Толик почувствовал себя уязвленным таким самоуверенным вторжением безбилетников в область его мариманской компетенции, послушать, так и неизвестно было, кого здесь уволили в отпуск на семь дней, кто сегодня же вечером с Рижского вокзала отправляется для дальнейшего прохождения службы на седую Балтику, в военный порт Либаву…
У Вадима сложилось впечатление, что при этих словах Карел, он же Чарльз, оторвался от закуски и стал прислушиваться к залихватским Толиковым рассказам, в которых зарубежному слависту, откровенно говоря, трудновато было разобраться, так крута была украшающая их образность.
Часов в шесть вышли на улицу проводить Толика до поезда. По проспекту Мира ехали в битком набитом троллейбусе, Вадим, притиснутый к американцу, приличия ради расспрашивал Чарльза о его профессиональной деятельности в Штатах. Тот отвечал, что изучает в Принстоне русскую литературу советского периода, но от конкретных вопросов о будущей своей диссертации и об интересующих его авторах уходил, словно боксер от ударов, прикрываясь какой-нибудь формальной малозначащей репликой.

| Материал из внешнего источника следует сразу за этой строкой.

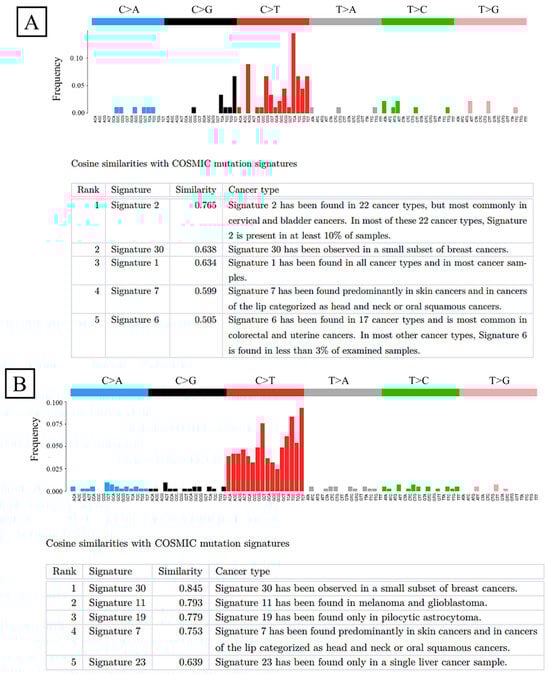 Mutation signatures. (A) Signature 2 exhibits the highest similarity with the mutation profile of the WC in case 1. (B) Signature 30 exhibits the highest similarity with the mutation profile of the UC in case 1. WC, well-differentiated component; UC, undifferentiated component.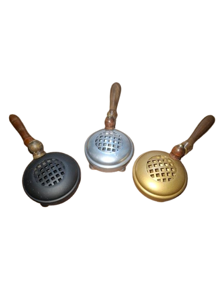 Este quemador de metal con mango de madera es una herramienta versátil y segura para rituales, limpiezas energéticas y aromaterapia. Su diseño con tapa perforada permite que el humo salga suavemente mientras controla brasas, chispas y cenizas, evitando accidentes y dejando tus manos libres de quemaduras gracias al mango aislado.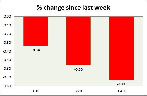 Strength meter (since last week) – Aussie -0.34%, Kiwi -0.56%, Loonie -0.73%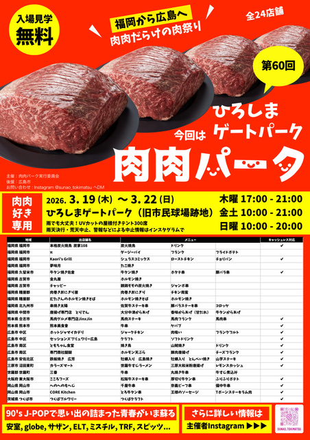 お肉人気店全24店舗が大集合! 肉肉だらけの肉祭り 肉肉パーク ひろしまゲートパーク。各店ご自慢のお肉料理を提供。中には肉肉パーク限定メニューも。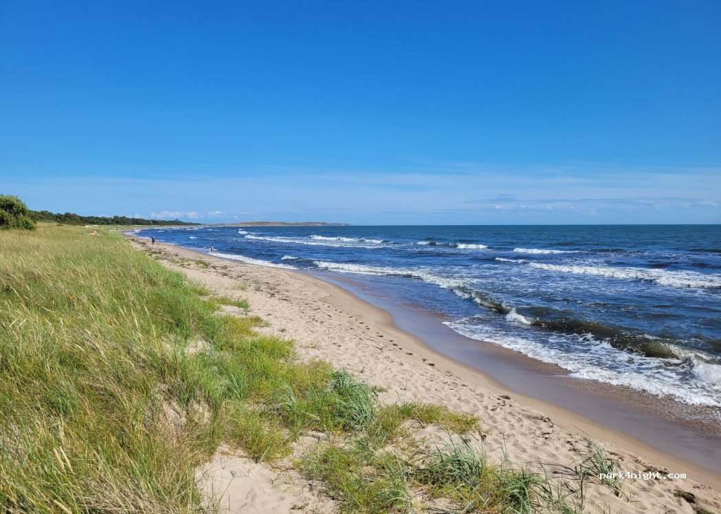 Direkt am Meer, gleich hinter der Düne. Camping mit einem Camper, aber auch Zelten möglich. Sehr nette Betreiber. Sozialgebäude werden mehrmals täglich gereinigt. Alles ist sauber.

К плацкартному вагону Толик Барканов подошел с форсом, будто к международному, с подмигиванием вручил билет хладнокровной латышской проводнице, под музыку из репродуктора сбацал на перроне чечетку, сбивая с клешей проворными ладонями невидимую пыль, потом стал целоваться с провожающими. Разницы между межчинами и женщинами, между родственниками и друзьями не делал, всем прямо в губы влепляя сочный хмельной поцелуй. Вот и Карела-Чарльза как представителя братской страны — «Злата Прага, красавица Прага!» — мощно облобызал взасос. Смысла этого язычески-интимного обряда американец никак не мог уразуметь, брезгливо и деликатно вытирал клетчатым носовым платком обслюнявленные губы и, судя по всему, готов был сделать умозаключение о развитии в советском флоте нездоровых наклонностей…
…Прежде чем заснуть, Вадим ворочался на своей девичьей кушетке и старался вспомнить всех, кто был в тот жаркий день у Толика Барканова и кто ездил его провожать. Простодушные родственники были не в счет, они ничего не поняли, но все поверили, гид с американской выставки был для них чехом Карелом, который впервые в жизни сидел за русским столом и пил русскую водку. Но ведь были среди гостей, вполне вероятно, люди и подогадливее, не один он такой умный, быть может, и им сделался внятен совсем нечешский акцент в речах мнимого Карела.
Ну и что из того, пытался успокоить себя Вадим, сам он ни разу не разоблачил Севкину хитрость, но ведь не бросился же доносить о пьянке в доме военного моряка, на которой присутствовал подданный Соединенных Штатов, зачем же других подозревать в добровольном стукачестве. И вновь, в который уж раз, закрыв глаза, пытался представить всех сидевших за баркановским столом…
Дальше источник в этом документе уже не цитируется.